The video made it all the way to Griffin, who, after watching it, felt inclined to record a special message for Daniel.

"Hey, what's up, Daniel? Shaquem here. I just wanted to say happy birthday," Griffin says in his message. "I saw the video, it was very touching. I had to stop watching because I'm around a lot of fans and stuff, but it was very touching, man. Hopefully, we can get you down to a game or something. Hope I can meet you one day. I'll be seeing you soon, Daniel. Happy birthday again."

In an interview with CNN, Daniel says that he's inspired by Griffin. "He's like me and he can do stuff I can with one hand" he adds.

"It's one of the things that we really appreciate about Shaquem is showing everyone that he can do anything and nothing's going to stop him," Daniel's mother Maylissa says. "It gives Daniel that inspiration to do the same things."

In 2018, Griffin penned a letter for The Player's Tribune to the National Football League's general managers. In it, he explained that growing up, he was told that football was only for two-handed players. "This was the first time I ever had to deal with somebody telling me I shouldn't — or couldn't — do something because of my hand. Like I was defective or something. Like I didn't belong. And that was the moment I realized I was always going to have to prove people wrong."
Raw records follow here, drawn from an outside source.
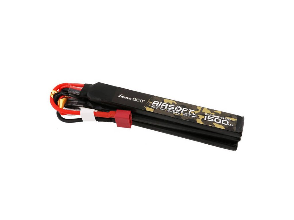 Lipo baterie Gens ace 25C 1500mAh 3S1P 11,1V Nunchuck 3X Airsoft Gun s T konektorem byla vytvořena pro napájení airsoftových zbraní. Je kompatibilní s celou řadou replik AEG, včetně oblíbených modelů, jako jsou M4, CM16, SCAR, AR15, LE STOCK, takže je ideální volbou pro všechny nadšence do airsoftových zbraní. S kapacitou 1500 mAh a napětím 11,1 V poskytuje dlouhotrvající energii pro delší hraní.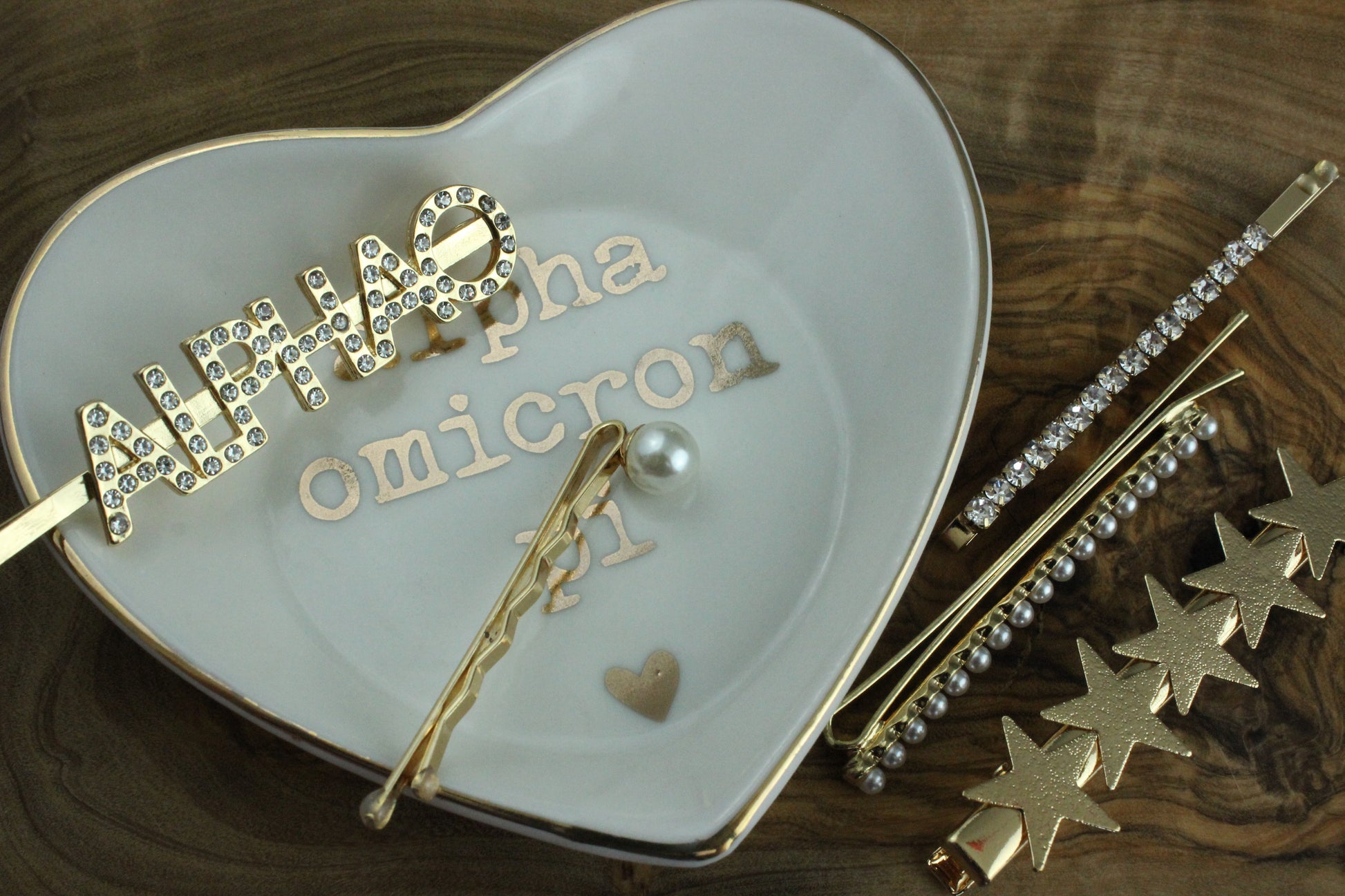 Our Alpha Omicron Pi ceramic ring dish is the definition of chic with its high gloss finish and sorority name, heart and edge in gold. Great for rings, jewelry, keys or trinkets. Perfect for home or office!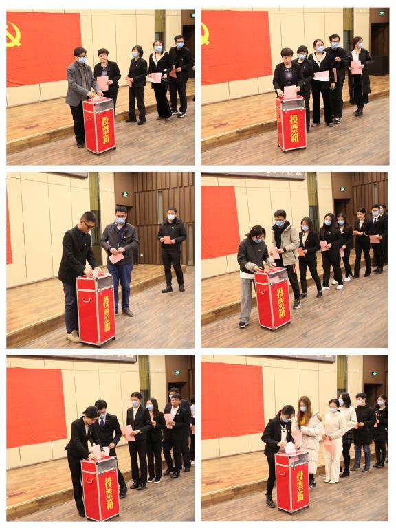 选举过程由总监票人冯帅主持,以无记名投票方式进行差额选举。选举开始前由监票人代表毛磊、董洪斌、张建伟检查投票箱并封箱,随后总监票人冯帅拆封选票,分发选票,进行选举。每一名党员认真履行职责,投下庄严的一票。

"I'm blessed to have thick skin," he wrote. "But I'm even more blessed to have a family that never let me make excuses and who raised me to never listen to anybody who told me I couldn't do something — especially because of my hand."

He came to understand that "nobody was ever going to tell me that I didn't belong on a football field. And nobody was ever going to tell me that I couldn't be great."

Later in the letter, Griffin addressed others who have birth defects:

"I've had people doubt me my whole life, and I know that there are a lot of kids out there with various deformities or birth defects or whatever labels people want to put on them, and they're going to be doubted, too. And I'm convinced that God has put me on this earth for a reason, and that reason is to show people that it doesn't matter what anybody else says, because people are going to doubt you regardless. That's a fact of life for everybody, but especially for those with birth defects or other so-called disabilities. The important thing is that you don't doubt yourself. I feel like all the boys and girls out there with birth defects … we have our own little nation, and we've got to support each other, because everybody in this world deserves to show what they can do without anybody telling them they can't."

In April, Griffin was selected 141st overall by the Seattle Seahawks in the fifth round of the 2018 NFL Draft.